Got it. And as far as the share buyback, it seems you guys hadn't done that in a while. So can you just give us your thoughts on going forward how you're thinking about share buybacks in general?

Brad O'Connor

Management

I mean, I would say that we felt like after our earnings call, I think our stock price was around $169-ish I think last at the end of first quarter, the stock price started to go down. And we felt like we feel very strongly about our growth and where our earnings are headed and where our stock price should be headed. And when the stock was down in the $140 range, we felt like it was a good opportunistic time to take some shares out of the market. We could do that again in the future. We'll continue to monitor that for opportunities. I think we have roughly $10 million to $15 million remaining on an approval that we could do. So we're just looking when it's opportunistic and stock prices drop to something we think makes sense, we might consider doing it.

Alex Barron

Analyst

Okay. Well, best of luck for the rest of the year. Thanks, guys.

Brad O'Connor

Management

Thanks, Alan.

Operator

Operator

Thank you.
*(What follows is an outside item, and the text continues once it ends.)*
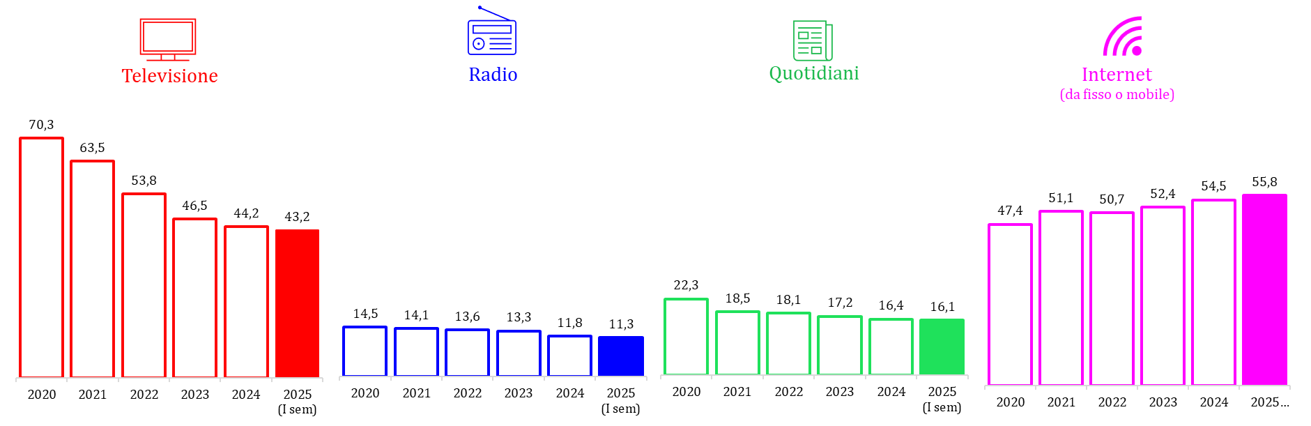 Dopo il sorpasso sulla televisione del 2023, Internet rafforza la sua posizione rappresentando nel primo semestre del 2025 la prima porta d’accesso all’informazione per il 55,8% degli italiani, ampliando ancora il divario con la TV, che scende al 43,2%.

And as I see no further questions in the queue, I will turn it back to Ara Hovnanian for his final comments.

Ara Hovnanian

Management

Thank you very much. As I've mentioned, we're very excited about our performance. We're very excited about our prospects. We are still scratching our head about the valuations, but we think that only spells opportunity. And we look forward to giving you more good news in quarters to come. Thank you very much.

Operator

Operator

Thank you. And this concludes our conference call for today. Thank you all for participating and have a nice day. You may now disconnect.